Try it: Should the listing contain images, exclude them; give the rest again exactly.

Provided data:
* * *

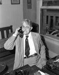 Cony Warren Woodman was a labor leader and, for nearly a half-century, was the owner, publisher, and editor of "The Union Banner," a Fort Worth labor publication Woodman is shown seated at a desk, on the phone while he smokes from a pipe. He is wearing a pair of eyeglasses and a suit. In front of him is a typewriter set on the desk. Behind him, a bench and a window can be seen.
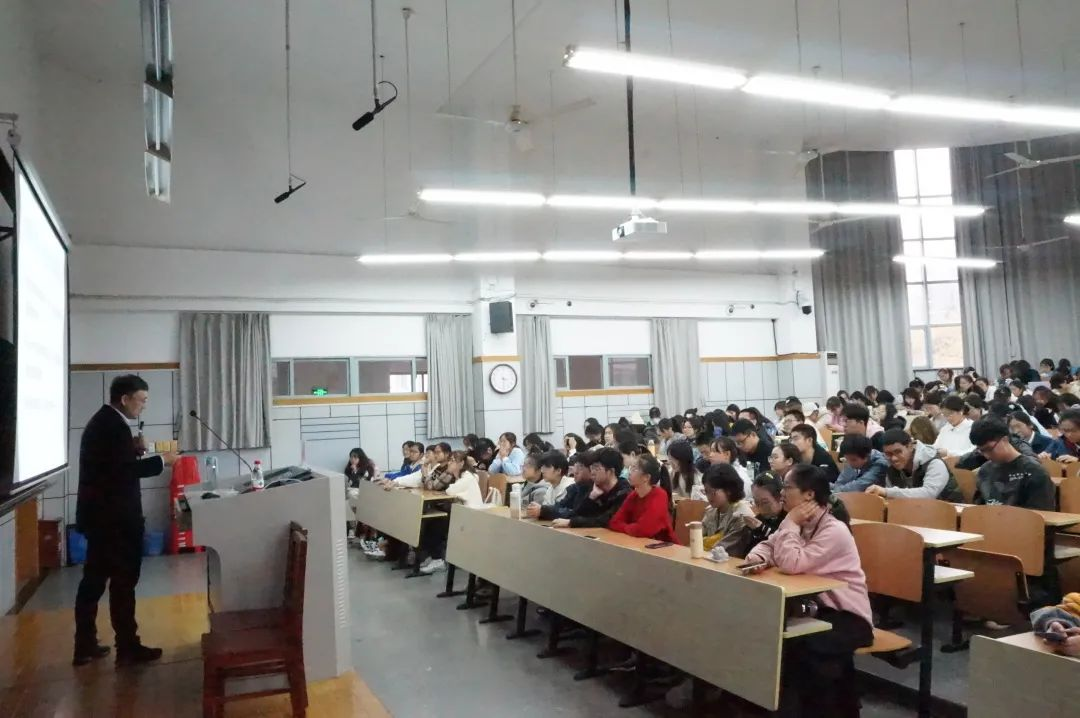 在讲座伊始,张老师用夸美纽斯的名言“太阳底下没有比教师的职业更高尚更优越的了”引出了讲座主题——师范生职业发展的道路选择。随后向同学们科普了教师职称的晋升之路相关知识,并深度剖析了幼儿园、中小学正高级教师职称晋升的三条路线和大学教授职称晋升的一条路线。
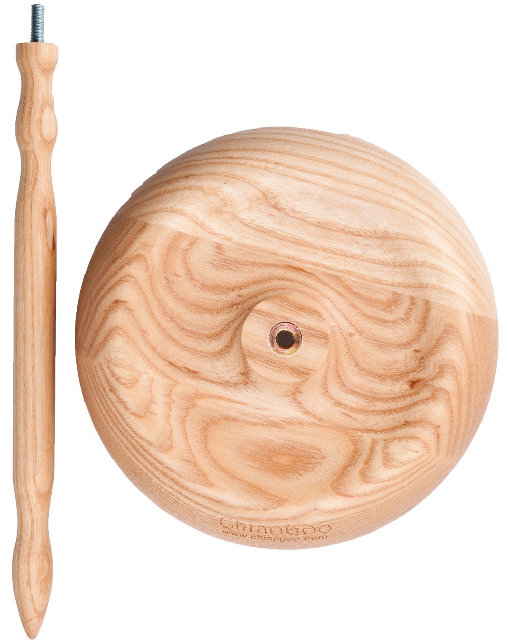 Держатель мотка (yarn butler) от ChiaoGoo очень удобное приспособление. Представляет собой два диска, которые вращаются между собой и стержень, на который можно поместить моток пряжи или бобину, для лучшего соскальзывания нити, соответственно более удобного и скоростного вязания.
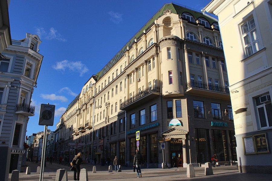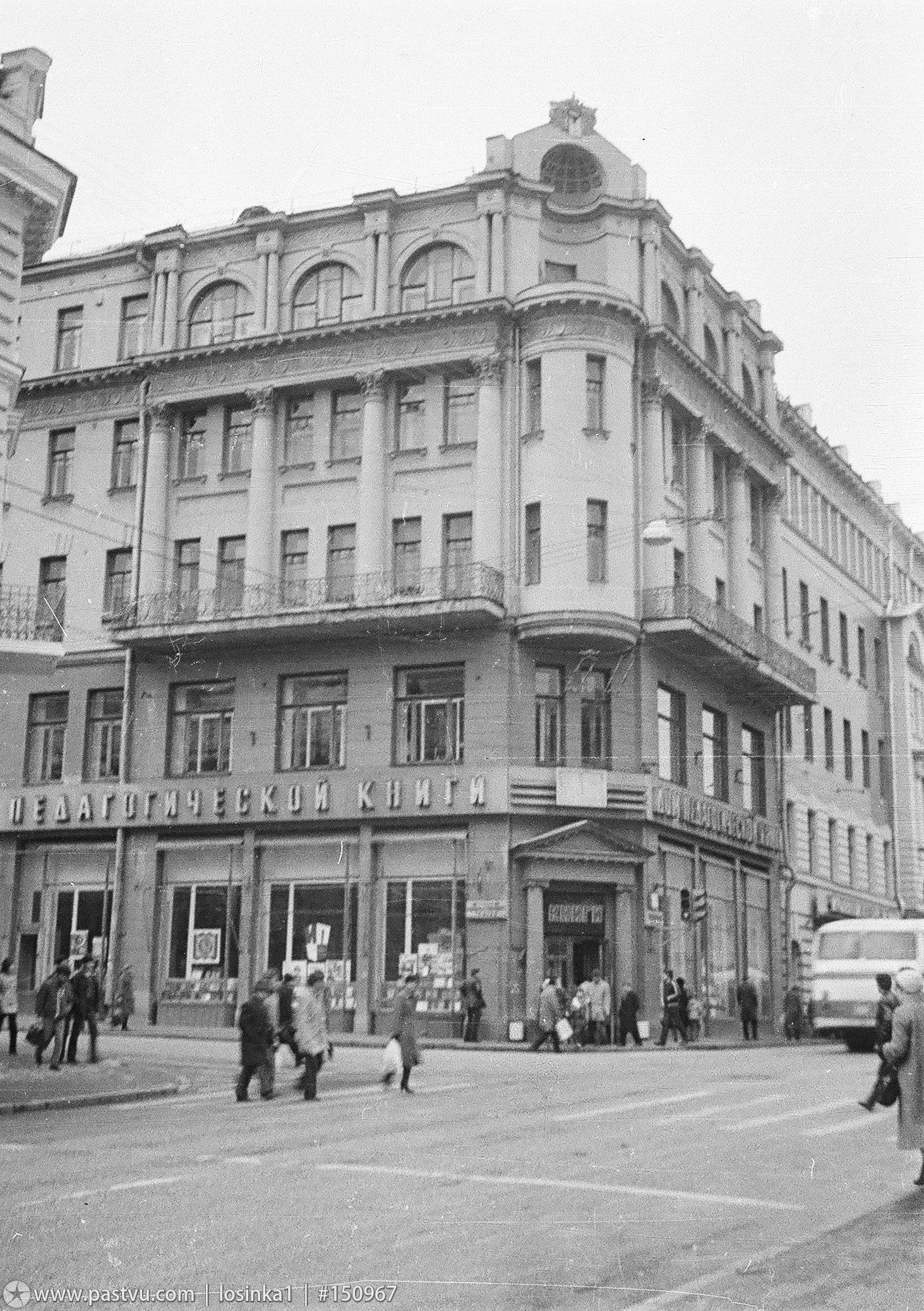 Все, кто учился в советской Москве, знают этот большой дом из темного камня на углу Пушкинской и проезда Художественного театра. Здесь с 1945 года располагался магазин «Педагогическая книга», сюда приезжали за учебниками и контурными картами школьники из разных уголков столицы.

* * *

Result of the exercise:
 Cony Warren Woodman was a labor leader and, for nearly a half-century, was the owner, publisher, and editor of "The Union Banner," a Fort Worth labor publication Woodman is shown seated at a desk, on the phone while he smokes from a pipe. He is wearing a pair of eyeglasses and a suit. In front of him is a typewriter set on the desk. Behind him, a bench and a window can be seen.
 在讲座伊始,张老师用夸美纽斯的名言“太阳底下没有比教师的职业更高尚更优越的了”引出了讲座主题——师范生职业发展的道路选择。随后向同学们科普了教师职称的晋升之路相关知识,并深度剖析了幼儿园、中小学正高级教师职称晋升的三条路线和大学教授职称晋升的一条路线。
 Держатель мотка (yarn butler) от ChiaoGoo очень удобное приспособление. Представляет собой два диска, которые вращаются между собой и стержень, на который можно поместить моток пряжи или бобину, для лучшего соскальзывания нити, соответственно более удобного и скоростного вязания.
 Все, кто учился в советской Москве, знают этот большой дом из темного камня на углу Пушкинской и проезда Художественного театра. Здесь с 1945 года располагался магазин «Педагогическая книга», сюда приезжали за учебниками и контурными картами школьники из разных уголков столицы.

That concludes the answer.